Today Germany struggled to sell its bonds. The German 10-year bund yield rose sharply from 1.92% to over 2.06% as it failed to get bids on 35% of its bunds. As reported in GoldCore

This is one of Germany’s worst auctions since the launch of the Euro with the Bundesbank having to pick up nearly 40% of the 6 billion euros on offer.

The German auction in turn led to further weakness in European equity markets. Asian equity indices followed US equities lower after news of a new US bank stress test and then the poor Chinese manufacturing data.

The bond auction in Germany is a disaster. If Germany has to buy its own bonds, it is frightening to think how other European nations, including France, will fare at bond auctions in the coming weeks.

Reuters went on to report that German Bunds performed worse than US T-Notes or UK Glits. Now we know things are bad 😉

If the crisis spirals out of control, some fear that it could reach a magnitude that would hit Germany as well by sending it into a deep recession. On the other hand, any solution to the crisis is likely to involve a higher fiscal bill for Germany.

“It is a complete and utter disaster,” said Marc Ostwald, strategist at Monument Securities in London. “If Germany can only manage a 0.65 cover in actual terms for what is going to be their next benchmark then what hope for everybody else?”

“It really tells you that the Bund yields are at the completely wrong level … never mind that they are a safe haven. There’s certainly a partial element of ‘they (investors)would rather not have euros’ in there.”
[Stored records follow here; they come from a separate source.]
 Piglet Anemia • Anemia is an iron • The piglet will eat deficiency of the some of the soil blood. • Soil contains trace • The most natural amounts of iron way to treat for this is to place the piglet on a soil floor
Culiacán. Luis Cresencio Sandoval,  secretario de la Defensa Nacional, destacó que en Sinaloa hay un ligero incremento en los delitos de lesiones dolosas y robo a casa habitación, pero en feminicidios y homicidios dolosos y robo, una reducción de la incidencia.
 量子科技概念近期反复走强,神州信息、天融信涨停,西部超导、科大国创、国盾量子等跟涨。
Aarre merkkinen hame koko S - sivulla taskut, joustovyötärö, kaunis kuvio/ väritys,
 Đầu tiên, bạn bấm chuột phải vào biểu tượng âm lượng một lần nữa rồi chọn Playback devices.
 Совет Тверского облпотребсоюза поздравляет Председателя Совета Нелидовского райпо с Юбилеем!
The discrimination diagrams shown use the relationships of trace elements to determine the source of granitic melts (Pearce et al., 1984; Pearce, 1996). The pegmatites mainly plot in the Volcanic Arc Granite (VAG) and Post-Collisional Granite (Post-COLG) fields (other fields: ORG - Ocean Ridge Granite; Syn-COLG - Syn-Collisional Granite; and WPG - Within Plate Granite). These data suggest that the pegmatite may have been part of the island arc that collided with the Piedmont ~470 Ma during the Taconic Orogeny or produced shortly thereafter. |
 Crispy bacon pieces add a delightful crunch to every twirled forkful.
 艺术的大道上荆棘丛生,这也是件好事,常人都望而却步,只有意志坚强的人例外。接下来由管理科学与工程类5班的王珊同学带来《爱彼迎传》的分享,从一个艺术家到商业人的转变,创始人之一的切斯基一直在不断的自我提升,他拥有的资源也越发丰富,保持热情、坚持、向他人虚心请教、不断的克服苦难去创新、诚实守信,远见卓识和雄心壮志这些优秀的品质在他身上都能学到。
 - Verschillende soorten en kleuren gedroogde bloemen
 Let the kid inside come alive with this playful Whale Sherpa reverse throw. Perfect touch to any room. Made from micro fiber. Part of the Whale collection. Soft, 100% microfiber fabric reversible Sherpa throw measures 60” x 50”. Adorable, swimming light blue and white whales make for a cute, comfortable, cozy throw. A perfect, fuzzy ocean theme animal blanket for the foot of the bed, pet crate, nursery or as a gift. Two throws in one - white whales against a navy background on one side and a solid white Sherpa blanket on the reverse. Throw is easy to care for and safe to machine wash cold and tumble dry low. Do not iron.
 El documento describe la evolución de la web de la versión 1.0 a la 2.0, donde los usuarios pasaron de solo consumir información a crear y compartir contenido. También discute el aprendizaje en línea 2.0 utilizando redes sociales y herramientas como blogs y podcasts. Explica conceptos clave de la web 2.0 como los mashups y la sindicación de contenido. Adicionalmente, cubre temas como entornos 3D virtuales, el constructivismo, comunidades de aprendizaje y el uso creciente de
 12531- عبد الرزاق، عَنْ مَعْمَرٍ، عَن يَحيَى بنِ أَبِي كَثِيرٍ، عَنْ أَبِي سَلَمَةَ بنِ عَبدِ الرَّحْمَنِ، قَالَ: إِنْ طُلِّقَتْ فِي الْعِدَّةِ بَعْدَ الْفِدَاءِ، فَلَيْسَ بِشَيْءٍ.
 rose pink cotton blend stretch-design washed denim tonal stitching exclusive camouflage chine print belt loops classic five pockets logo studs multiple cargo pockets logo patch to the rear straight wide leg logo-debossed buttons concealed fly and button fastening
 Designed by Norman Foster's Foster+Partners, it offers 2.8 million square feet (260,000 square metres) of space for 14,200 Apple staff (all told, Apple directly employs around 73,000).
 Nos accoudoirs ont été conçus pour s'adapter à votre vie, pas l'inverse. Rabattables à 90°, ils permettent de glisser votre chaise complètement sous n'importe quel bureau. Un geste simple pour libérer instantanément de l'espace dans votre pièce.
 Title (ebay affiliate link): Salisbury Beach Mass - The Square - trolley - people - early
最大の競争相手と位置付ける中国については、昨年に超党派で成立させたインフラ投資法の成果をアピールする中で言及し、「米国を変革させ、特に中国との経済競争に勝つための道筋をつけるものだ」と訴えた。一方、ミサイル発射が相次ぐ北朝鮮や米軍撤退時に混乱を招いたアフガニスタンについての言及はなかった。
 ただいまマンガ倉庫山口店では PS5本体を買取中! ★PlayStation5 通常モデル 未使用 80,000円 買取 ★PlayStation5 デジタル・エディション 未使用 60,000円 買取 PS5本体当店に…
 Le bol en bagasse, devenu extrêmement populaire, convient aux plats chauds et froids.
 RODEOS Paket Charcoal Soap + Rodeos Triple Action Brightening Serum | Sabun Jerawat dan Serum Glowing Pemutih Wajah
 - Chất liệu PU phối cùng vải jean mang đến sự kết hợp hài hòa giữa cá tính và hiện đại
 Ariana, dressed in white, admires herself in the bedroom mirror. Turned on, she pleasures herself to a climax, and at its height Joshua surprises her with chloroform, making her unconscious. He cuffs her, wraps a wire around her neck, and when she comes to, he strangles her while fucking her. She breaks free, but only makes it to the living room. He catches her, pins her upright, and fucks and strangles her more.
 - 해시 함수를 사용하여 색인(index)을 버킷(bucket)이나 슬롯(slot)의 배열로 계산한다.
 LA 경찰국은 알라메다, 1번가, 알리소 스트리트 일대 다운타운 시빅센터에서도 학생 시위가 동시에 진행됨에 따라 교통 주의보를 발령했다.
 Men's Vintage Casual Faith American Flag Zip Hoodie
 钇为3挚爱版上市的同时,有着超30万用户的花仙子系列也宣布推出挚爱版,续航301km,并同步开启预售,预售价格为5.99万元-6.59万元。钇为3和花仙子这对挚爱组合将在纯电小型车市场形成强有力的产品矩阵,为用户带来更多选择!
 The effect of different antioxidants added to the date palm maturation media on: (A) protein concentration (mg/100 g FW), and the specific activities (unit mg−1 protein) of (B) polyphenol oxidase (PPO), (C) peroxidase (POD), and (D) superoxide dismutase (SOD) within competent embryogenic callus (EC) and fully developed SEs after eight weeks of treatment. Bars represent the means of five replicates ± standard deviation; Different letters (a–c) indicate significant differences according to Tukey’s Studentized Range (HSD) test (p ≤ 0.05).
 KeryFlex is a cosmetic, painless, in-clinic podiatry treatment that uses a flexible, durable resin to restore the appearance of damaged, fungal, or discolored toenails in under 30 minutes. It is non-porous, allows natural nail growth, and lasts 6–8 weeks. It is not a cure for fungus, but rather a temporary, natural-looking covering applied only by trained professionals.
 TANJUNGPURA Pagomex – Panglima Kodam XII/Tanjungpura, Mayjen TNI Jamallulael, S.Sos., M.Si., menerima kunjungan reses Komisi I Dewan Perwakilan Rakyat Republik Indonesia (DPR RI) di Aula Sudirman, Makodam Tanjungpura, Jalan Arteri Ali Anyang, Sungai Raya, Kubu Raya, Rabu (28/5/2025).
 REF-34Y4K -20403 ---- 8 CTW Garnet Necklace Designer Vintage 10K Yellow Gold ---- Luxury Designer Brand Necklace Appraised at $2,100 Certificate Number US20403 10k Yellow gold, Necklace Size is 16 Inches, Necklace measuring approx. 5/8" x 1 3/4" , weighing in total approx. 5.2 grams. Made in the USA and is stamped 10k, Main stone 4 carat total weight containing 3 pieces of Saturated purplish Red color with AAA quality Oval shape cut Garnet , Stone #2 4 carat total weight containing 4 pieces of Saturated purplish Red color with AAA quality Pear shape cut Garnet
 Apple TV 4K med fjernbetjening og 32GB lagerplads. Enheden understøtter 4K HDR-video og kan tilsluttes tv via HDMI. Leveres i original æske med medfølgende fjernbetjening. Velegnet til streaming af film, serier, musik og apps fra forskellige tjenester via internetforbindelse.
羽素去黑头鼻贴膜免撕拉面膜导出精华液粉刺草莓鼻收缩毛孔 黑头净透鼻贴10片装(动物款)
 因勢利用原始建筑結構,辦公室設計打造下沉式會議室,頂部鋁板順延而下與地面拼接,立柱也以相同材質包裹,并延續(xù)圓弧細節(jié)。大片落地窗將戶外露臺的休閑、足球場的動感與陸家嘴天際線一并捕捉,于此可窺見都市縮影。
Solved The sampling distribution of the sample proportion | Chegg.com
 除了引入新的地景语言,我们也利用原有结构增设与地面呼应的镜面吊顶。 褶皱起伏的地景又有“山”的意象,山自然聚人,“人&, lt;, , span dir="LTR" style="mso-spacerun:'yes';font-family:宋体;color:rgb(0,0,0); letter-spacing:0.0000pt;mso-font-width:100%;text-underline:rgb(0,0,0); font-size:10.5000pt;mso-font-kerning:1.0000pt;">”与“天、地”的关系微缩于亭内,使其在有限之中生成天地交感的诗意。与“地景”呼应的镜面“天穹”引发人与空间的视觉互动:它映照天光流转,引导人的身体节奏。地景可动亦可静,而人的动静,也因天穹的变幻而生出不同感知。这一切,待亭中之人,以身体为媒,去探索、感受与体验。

Bund futures were last down half-a-point on the day at 136.75. Ten-year yields were 5.8 basis points higher at 1.969 percent, yielding more than U.S. T-notes for the first time since early October.

UK Gilts were also outperforming Bunds with yield premium for holding 10-year British bonds narrowing to its tightest since August at 15 bps.

On an earlier post we reported by Asia beginning to sell off German Bunds.